In the entries below, begin at the line that has "Graceful Heron in", stop after the line that has "緩やかなテーパードシルエット", and output those lines exactly with no pictures.

+++ EXTRACTED MATERIAL +++

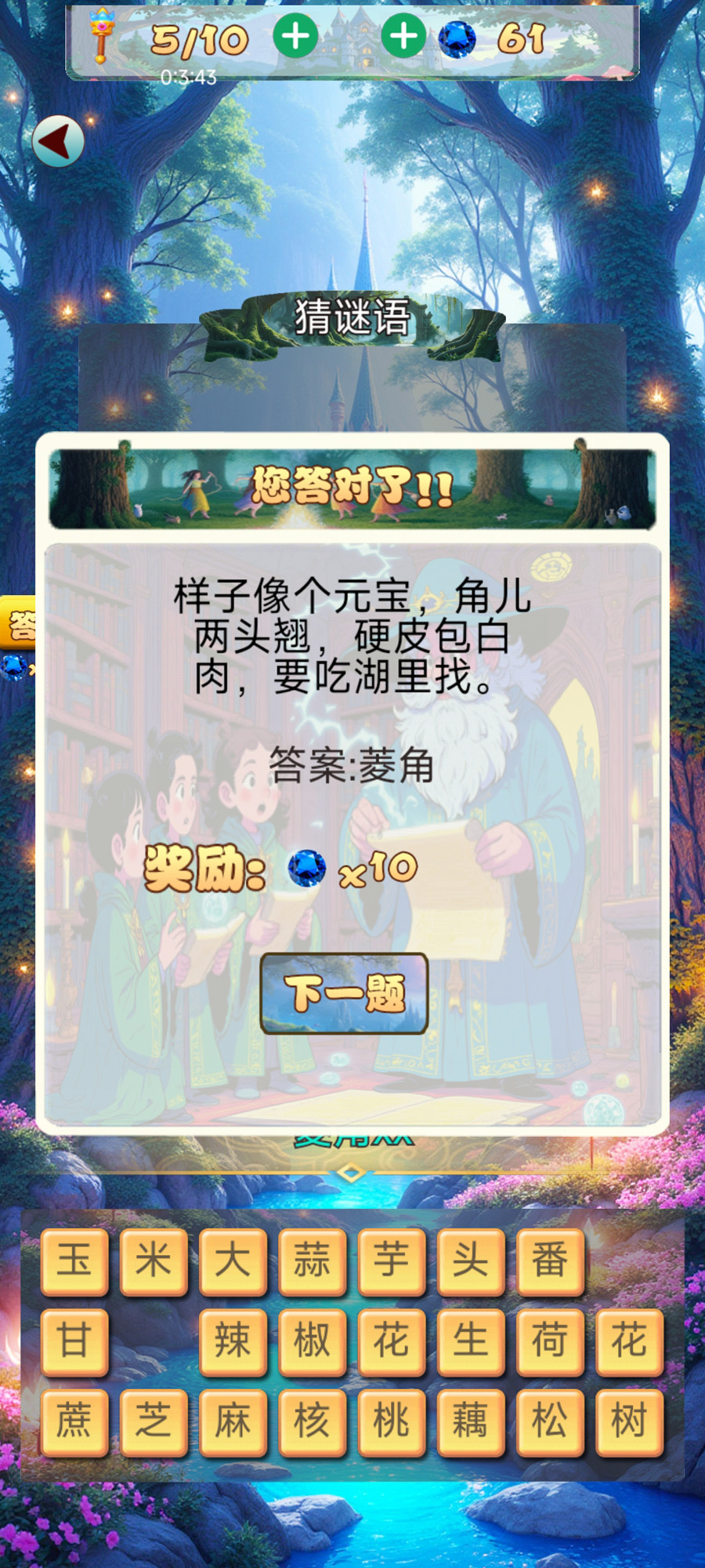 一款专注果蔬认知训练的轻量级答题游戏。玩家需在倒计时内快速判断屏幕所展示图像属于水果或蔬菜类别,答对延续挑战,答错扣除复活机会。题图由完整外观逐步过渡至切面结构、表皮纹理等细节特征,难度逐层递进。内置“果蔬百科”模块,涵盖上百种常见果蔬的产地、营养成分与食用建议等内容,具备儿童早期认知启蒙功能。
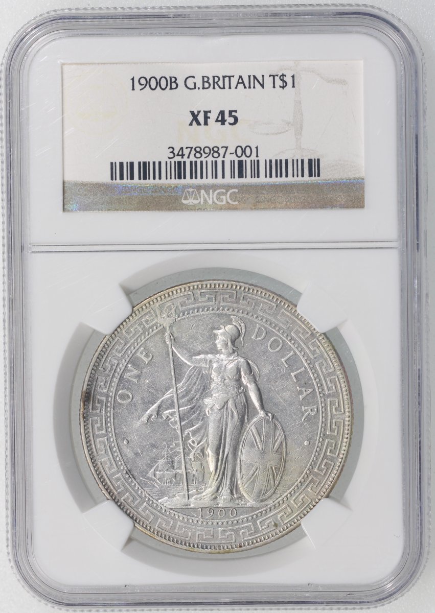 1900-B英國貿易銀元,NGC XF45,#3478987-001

+++
+++ EXTRACTED MATERIAL +++

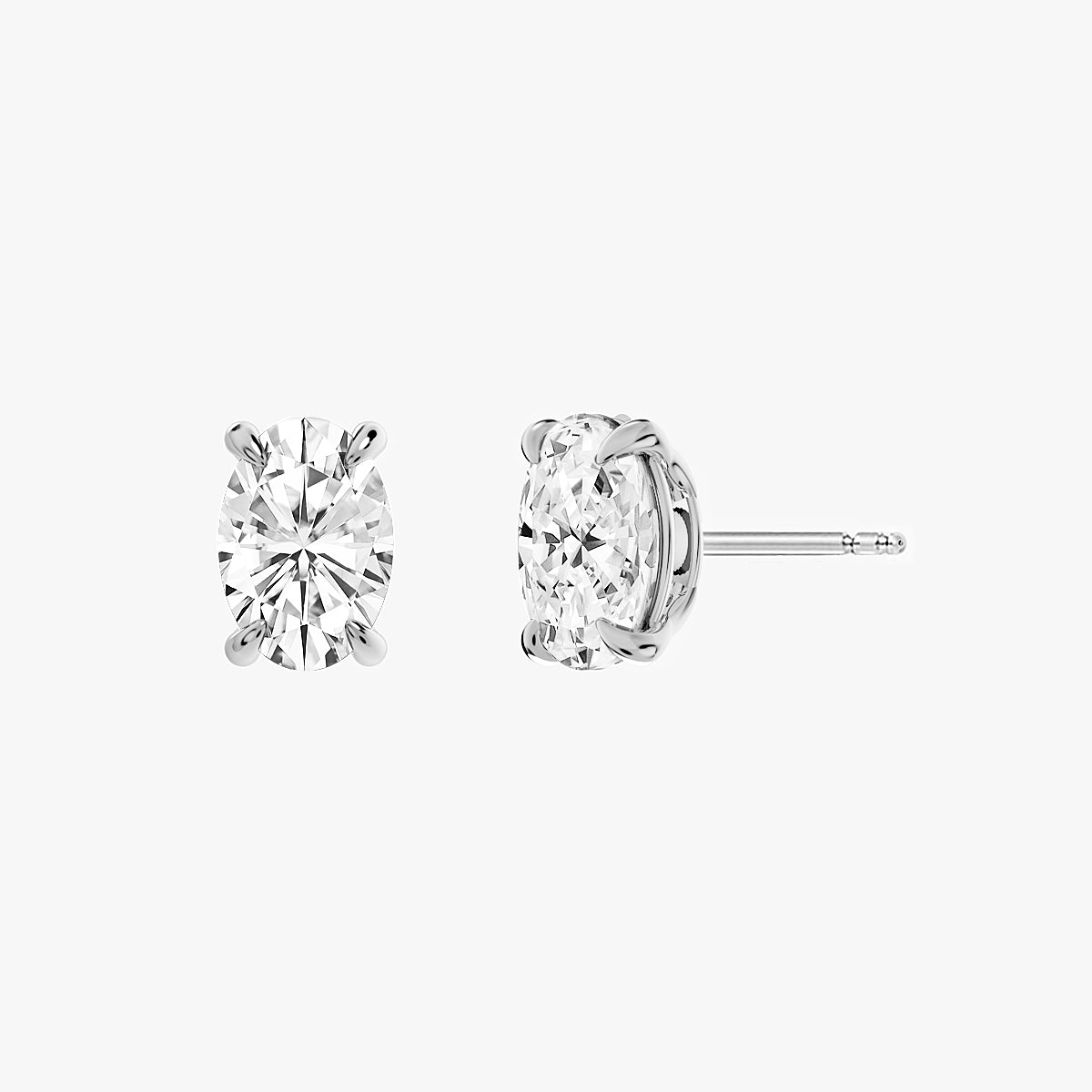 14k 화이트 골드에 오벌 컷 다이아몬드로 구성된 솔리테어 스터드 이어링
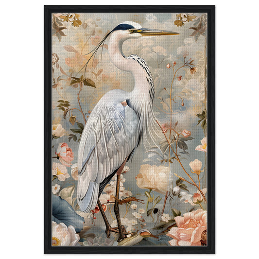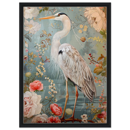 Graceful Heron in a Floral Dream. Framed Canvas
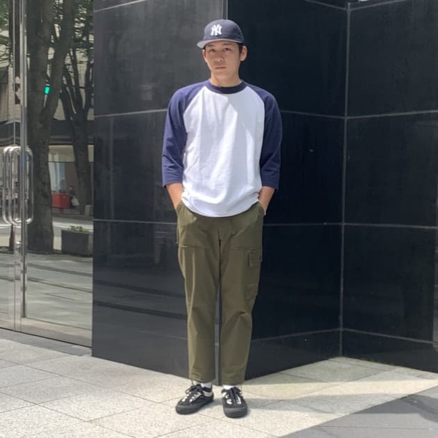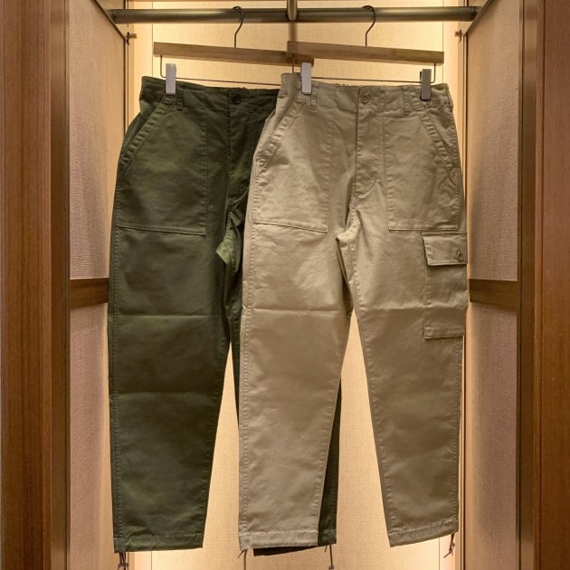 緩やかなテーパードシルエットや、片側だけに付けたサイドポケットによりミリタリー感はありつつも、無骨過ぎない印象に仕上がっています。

+++

*SOLUTION TO THIS PROBLEM*
 Graceful Heron in a Floral Dream. Framed Canvas
 緩やかなテーパードシルエットや、片側だけに付けたサイドポケットによりミリタリー感はありつつも、無骨過ぎない印象に仕上がっています。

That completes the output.